California abandonó una demanda que impugnaba la decisión de la administración del presidente Donald Trump de cancelar más de $4 mil millones en subvenciones federales para el proyecto estatal de tren de alta velocidad, dijo el estado el viernes por la noche.
La Autoridad del Tren de Alta Velocidad de California, que presentó la demanda en julio, dijo que la decisión de retirarla refleja la “evaluación del estado de que el gobierno federal no es un socio creíble, constructivo o confiable en el avance del tren de alta velocidad en California”.
La agencia dijo que planea proceder sin fondos federales, y que sólo el 18% de los costos del programa para el proyecto largamente retrasado provendrán de fondos federales. Un juez rechazó este mes un intento de desestimar la demanda.
La Administración Federal de Ferrocarriles publicó un informe de 315 páginas en junio que encontró que el proyecto estaba plagado de plazos incumplidos, déficits presupuestarios y proyecciones de número de pasajeros cuestionables.
Después de 15 años, el Departamento de Transporte de EE.UU. dijo el sábado que una investigación de la FRA ha demostrado que la autoridad ferroviaria de alta velocidad de California es “incapaz de cumplir sus promesas de trenes de alta velocidad a tiempo o dentro del presupuesto”.
“El dinero de los impuestos estadounidenses se evitará que se desperdicie en este tren y, en cambio, se apoyará en proyectos reales que mejoren las vidas de los pasajeros, los conductores locales y los peatones”, añadió el departamento.
El proyecto se ha visto afectado por retrasos y sobrecostos.
El gobernador de California, Gavin Newsom, un demócrata, dijo en julio que la terminación de la subvención por parte de la administración del presidente republicano Donald Trump era “una vendetta política mezquina, motivada por el odio personal del presidente Trump hacia California y el proyecto del tren de alta velocidad, no por los hechos sobre el terreno”.

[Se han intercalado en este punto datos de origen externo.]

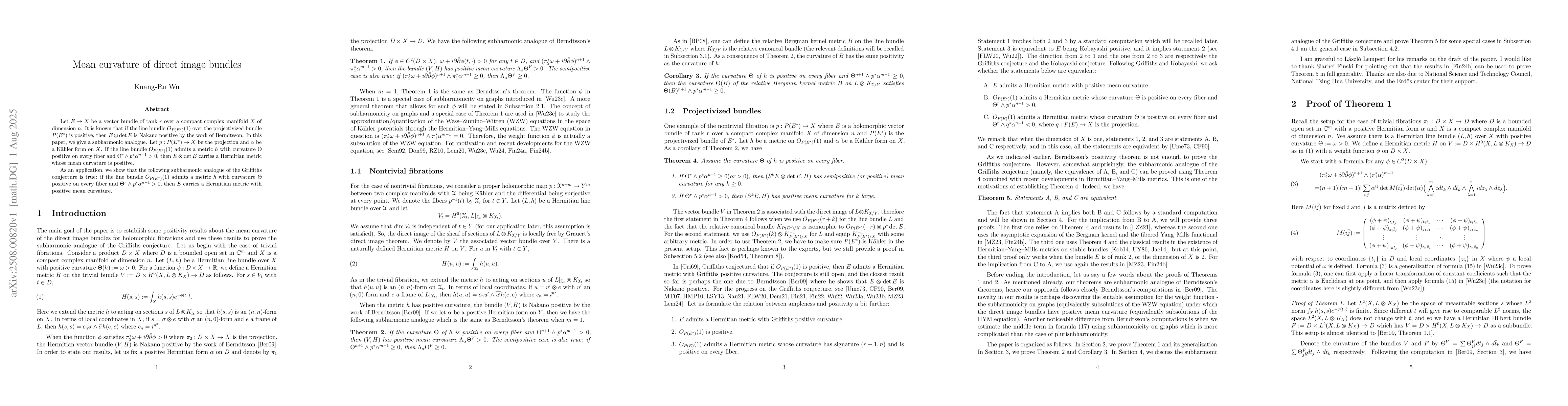 Let $E\to X$ be a vector bundle of rank $r$ over a compact complex manifold $X$ of dimension $n$. It is known that if the line bundle $O_{P(E^*)}(1)$ over the projectivized bundle $P(E^*)$ is positive, then $E\otimes \det E$ is Nakano positive by the work of Berndtsson. In this paper, we give a subharmonic analogue. Let $p:P(E^*)\to X$ be the projection and $\alpha$ be a K\"ahler form on $X$. If the line bundle $O_{P(E^*)}(1)$ admits a metric $h$ with curvature $\Theta$ positive on every fiber and $\Theta^r\wedge p^*\alpha^{n-1}> 0$, then $E\otimes \det E$ carries a Hermitian metric whose mean curvature is positive. As an application, we show that the following subharmonic analogue of the Griffiths conjecture is true: if the line bundle $O_{P(E^*)}(1)$ admits a metric $h$ with curvature $\Theta$ positive on every fiber and $\Theta^r\wedge p^*\alpha^{n-1}> 0$, then $E$ carries a Hermitian metric with positive mean curvature.
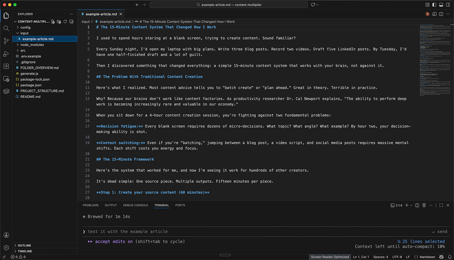 This article shows you how to build a content multiplication engine using Claude Code. You’ll describe your workflow in plain English, Claude Code writes all the scripts, and you end up with a system that turns one article into 10+ content pieces in the time it used to take to write one social post.

El recorte de fondos es el último revés en un esfuerzo de 16 años para conectar Los Ángeles y San Francisco mediante un viaje en tren de tres horas, el servicio de trenes interurbanos más rápido de Estados Unidos.

Originalmente planeado para completarse en 2020 a un costo de $33 mil millones, ahora se pronostica que el proyecto costará entre $89 mil millones y $128 mil millones, y se espera que el servicio comience en 2033.
El sistema ferroviario, cuya primera emisión de bonos fue aprobada por los votantes de California en 2008, ha construido más de 50 estructuras ferroviarias importantes, incluidos puentes, pasos elevados, pasos a desnivel y viaductos, y ha completado casi 80 millas (130 km) de carreteras para el proyecto.
Después de cancelar $4 mil millones en subvenciones federales, el Departamento de Transporte canceló otros $175 millones en agosto para cuatro proyectos que forman parte del programa de tren de alta velocidad.
La agencia de California dijo esta semana que está iniciando el proceso de atraer inversionistas y desarrolladores privados para el verano de 2026. La agencia dijo el viernes que la pérdida de fondos federales no descarrilará el proyecto o la construcción, que según dijo estaba progresando.
“En lugar de seguir gastando tiempo y dinero desafiando la terminación, el estado está avanzando sin ellos”, dijo la agencia, y agregó que la legislación firmada en septiembre aseguraría mil millones de dólares anuales para el programa hasta 2045.
Durante su primer mandato, Trump retiró 929 millones de dólares en subvenciones federales, que fueron impugnadas por el estado, lo que llevó a un acuerdo por parte del presidente demócrata Joe Biden para restablecer la cantidad total en 2021.